A nonprofit publication of the Kentucky Center for Public Service Journalism

Thomas Noland: No good solutions to the Kentucky pension crisis, leaving Gov. Bevin with a mess


As the legislature approaches a special session to solve the pension crisis, the first thing to agree on is that no solution will be considered “fair” by everyone. When an additional $800M-$1B a year is needed, no good solutions exist.

Non-state employees do not want their taxes raised while individuals who contributed to the funds want their full pension.

One of the points often made by state employees is that the two prior administrations and past legislatures did not fully contribute the full matching portion of the funds. True – but the question not answered is what state programs should have been cut or what percentage tax increase should have occurred to raise the additional funds?

For those advocating only a tax increase to fund the plan, non-state employees ask is it fair for state workers to retire at age 49 or earlier while non-state workers in a 401K plan cannot retire until age 59½ without taking a tax penalty?

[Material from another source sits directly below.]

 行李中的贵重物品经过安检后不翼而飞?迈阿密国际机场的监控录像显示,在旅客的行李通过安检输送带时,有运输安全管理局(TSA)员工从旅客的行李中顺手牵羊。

One of the proposed solutions for the current situation is to freeze all KRS pensions at the current level, move everyone to a 401K type plan, and to put all new teachers into Social Security. If current teachers were moved into Social Security they would be subject to the windfall elimination provision. While this plan may solve any pension issues 50 years from now – it doesn’t solve how you pay for the current earned pension obligations.

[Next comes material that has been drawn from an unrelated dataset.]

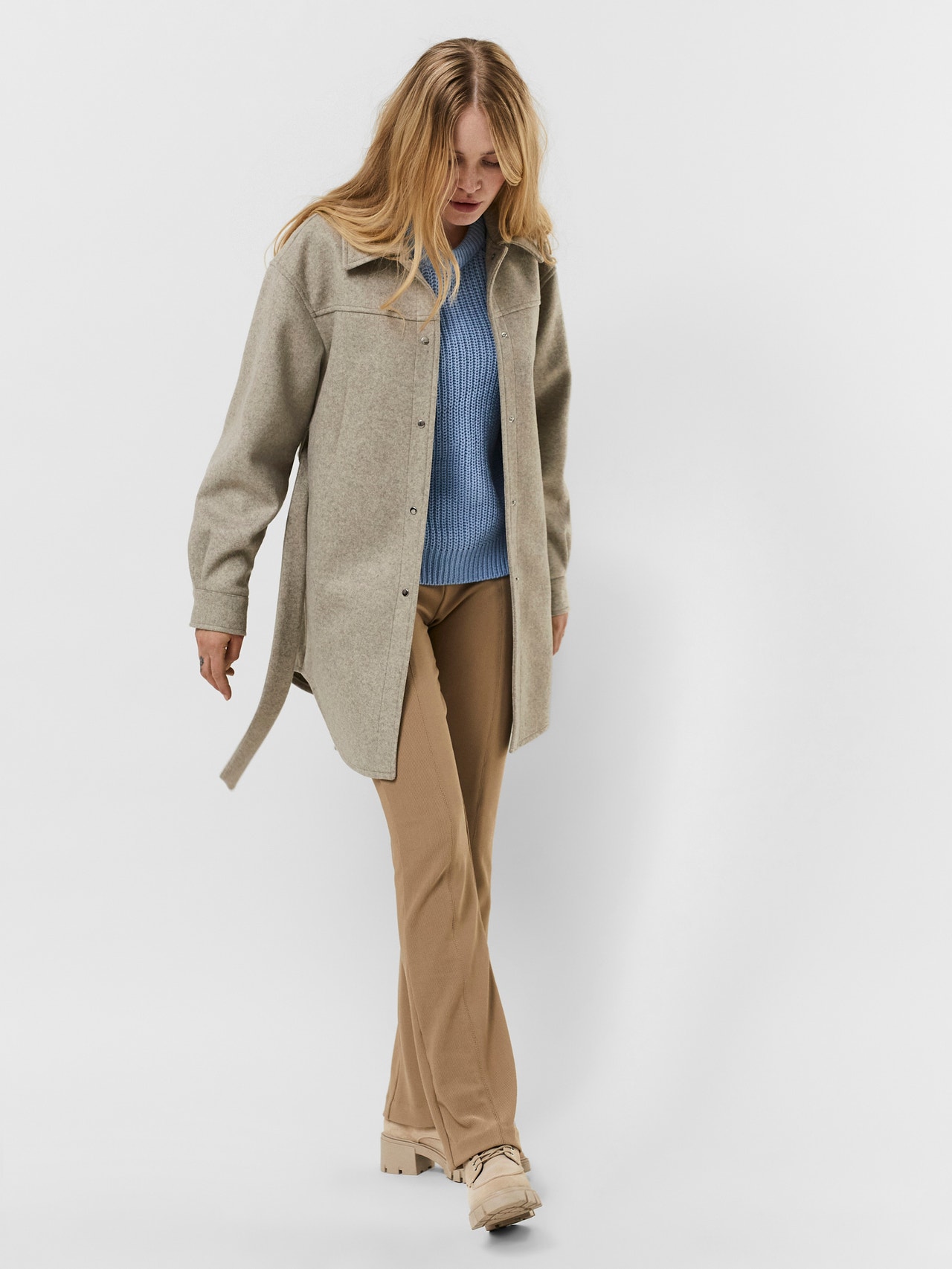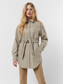 - Produkttyp : Jacke - Hals : Fly-Away Kragen - Ärmel : Langarm - Manschetten : Ärmelbündchen mit Knopf - Verschluss : Knopfleiste - Details : Gürtel in der Taille

Several different measures can be taken to fund the pension shortfalls. Some will likely be litigated. The first is requiring individuals to work longer. Using the assumptions provided in the table, this will allow approximately $132M to be retained in the KERS-NH&TRS funds (this analysis only considers those two funds) for each additional year retirement eligible employees work.

In order to prevent a mass exodus to retirement, this plan can be phased instead of an immediate increase to a specific age. Another option to retain retirement eligible employees would be to allow them to freeze their retirement benefit at the current level and continue working but not be required to make any additional retirement contributions until they decide to retire. This would be a net gain for the pension fund for each employee who delays retirement.

The second source of funding is for current employees to increase their retirement contributions and for some retirees to take a pension cut. The individuals benefiting the most should have additional skin in the game. Current employees will have to contribute a larger percent of their pay (2%) to the pension plan. Retirees should be classified into two pools. Those over a certain age – say age 65 and those under. Retirees under the age of 65 would have to take a cut ($1,000) to their retirement check that would be restored upon reaching age 65. Retirees under the age of 65, unless disabled, often are either working or have the ability to continue working.

But as shown in the table, only requiring additional pension contributions and having some retirees take a pension cut does not get close to solving the problem. A tax increase will have to occur to get to $800M. The last source of additional funding is a 1% sales and use tax increase (tax consumption not hard work). Adding 1/6 to the FY 2017 sales tax collections should generate around $580M.

The solutions listed here provide about $840M a year. Other possible solutions include lowering the tax exemption on retirees’ pensions, requiring local school boards to contribute to the TRS fund as many states do or making significant cuts to other government programs.

Thomas Noland

Past administrations and legislatures have left Governor Bevin a mess. No good solutions are left.

Thomas G. Noland Ph.D., CPA, CMA, and CDFM is a Professor at the College of Charleston and a native of Irvine, Ky.